(THE DATA):
===
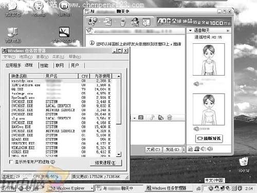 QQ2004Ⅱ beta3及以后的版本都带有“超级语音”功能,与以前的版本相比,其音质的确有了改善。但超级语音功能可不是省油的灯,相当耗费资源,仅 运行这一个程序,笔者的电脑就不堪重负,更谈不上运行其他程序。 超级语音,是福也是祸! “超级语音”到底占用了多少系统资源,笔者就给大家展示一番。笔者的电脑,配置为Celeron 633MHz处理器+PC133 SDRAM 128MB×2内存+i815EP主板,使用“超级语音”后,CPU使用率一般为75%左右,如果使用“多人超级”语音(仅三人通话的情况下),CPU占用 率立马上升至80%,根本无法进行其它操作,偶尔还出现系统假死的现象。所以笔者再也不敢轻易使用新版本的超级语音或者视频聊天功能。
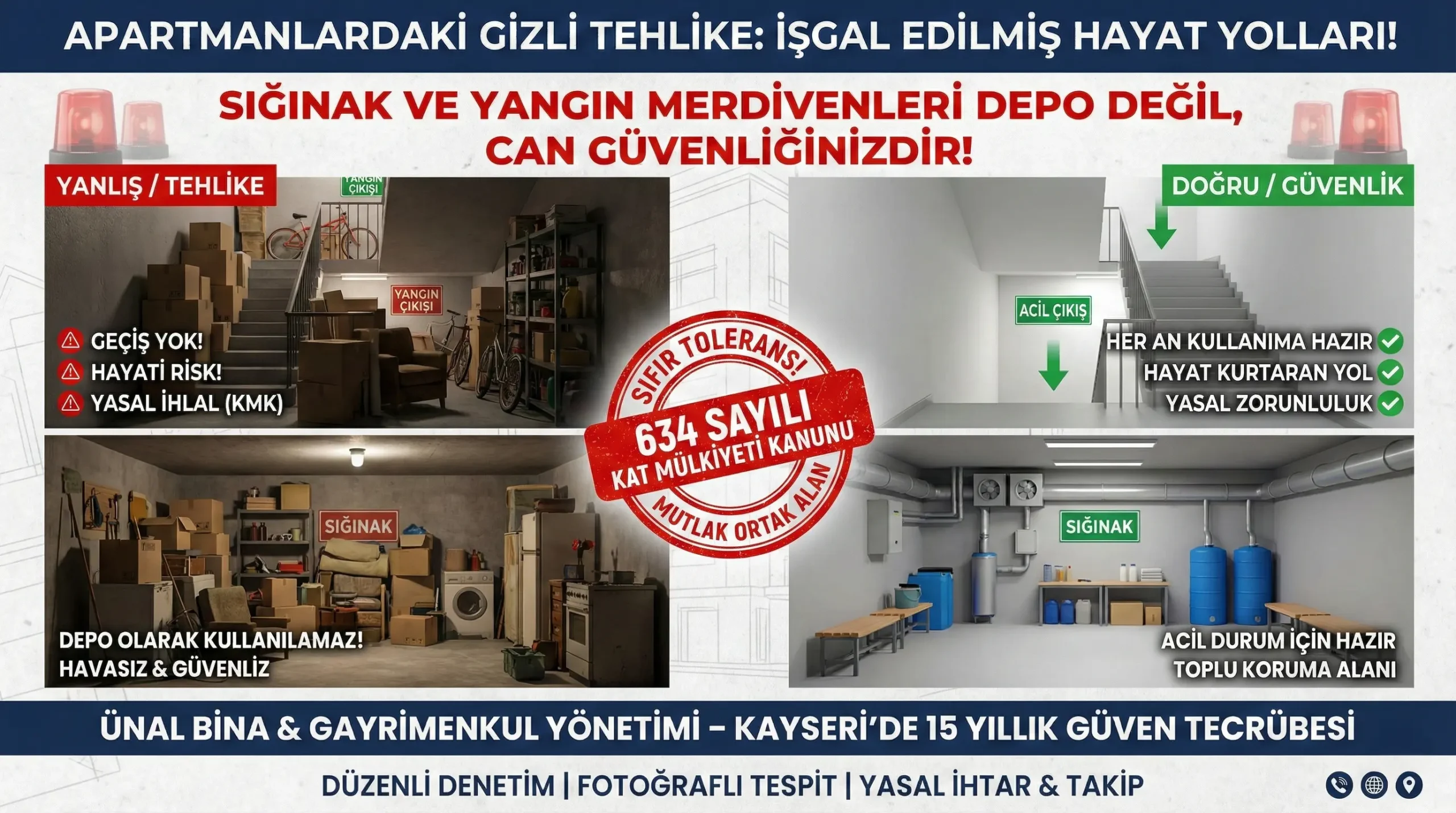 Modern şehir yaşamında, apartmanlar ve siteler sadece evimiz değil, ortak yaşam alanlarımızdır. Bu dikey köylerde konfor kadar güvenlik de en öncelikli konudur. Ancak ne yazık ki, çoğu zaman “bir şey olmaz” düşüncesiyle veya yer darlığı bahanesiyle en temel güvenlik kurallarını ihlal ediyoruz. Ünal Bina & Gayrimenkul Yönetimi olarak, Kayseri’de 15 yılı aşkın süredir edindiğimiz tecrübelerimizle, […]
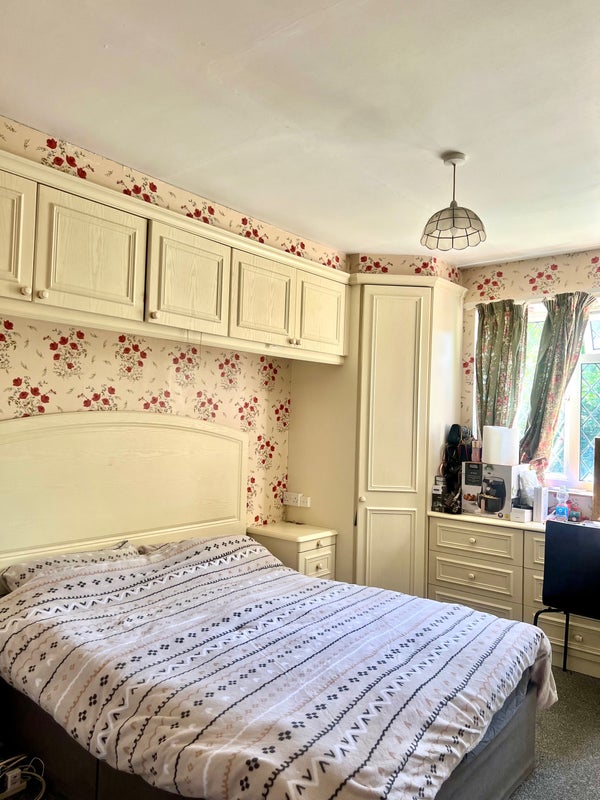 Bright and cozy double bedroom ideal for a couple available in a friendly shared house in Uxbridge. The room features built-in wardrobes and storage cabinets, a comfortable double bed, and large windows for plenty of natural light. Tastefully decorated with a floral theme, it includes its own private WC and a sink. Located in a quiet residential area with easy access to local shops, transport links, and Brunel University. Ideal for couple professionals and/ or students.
===
(WHAT IS REQUIRED):
Leave the pictures out and return the rest of the material exactly.

(RESPONSE TO THE EXERCISE):
 QQ2004Ⅱ beta3及以后的版本都带有“超级语音”功能,与以前的版本相比,其音质的确有了改善。但超级语音功能可不是省油的灯,相当耗费资源,仅 运行这一个程序,笔者的电脑就不堪重负,更谈不上运行其他程序。 超级语音,是福也是祸! “超级语音”到底占用了多少系统资源,笔者就给大家展示一番。笔者的电脑,配置为Celeron 633MHz处理器+PC133 SDRAM 128MB×2内存+i815EP主板,使用“超级语音”后,CPU使用率一般为75%左右,如果使用“多人超级”语音(仅三人通话的情况下),CPU占用 率立马上升至80%,根本无法进行其它操作,偶尔还出现系统假死的现象。所以笔者再也不敢轻易使用新版本的超级语音或者视频聊天功能。
 Modern şehir yaşamında, apartmanlar ve siteler sadece evimiz değil, ortak yaşam alanlarımızdır. Bu dikey köylerde konfor kadar güvenlik de en öncelikli konudur. Ancak ne yazık ki, çoğu zaman “bir şey olmaz” düşüncesiyle veya yer darlığı bahanesiyle en temel güvenlik kurallarını ihlal ediyoruz. Ünal Bina & Gayrimenkul Yönetimi olarak, Kayseri’de 15 yılı aşkın süredir edindiğimiz tecrübelerimizle, […]
 Bright and cozy double bedroom ideal for a couple available in a friendly shared house in Uxbridge. The room features built-in wardrobes and storage cabinets, a comfortable double bed, and large windows for plenty of natural light. Tastefully decorated with a floral theme, it includes its own private WC and a sink. Located in a quiet residential area with easy access to local shops, transport links, and Brunel University. Ideal for couple professionals and/ or students.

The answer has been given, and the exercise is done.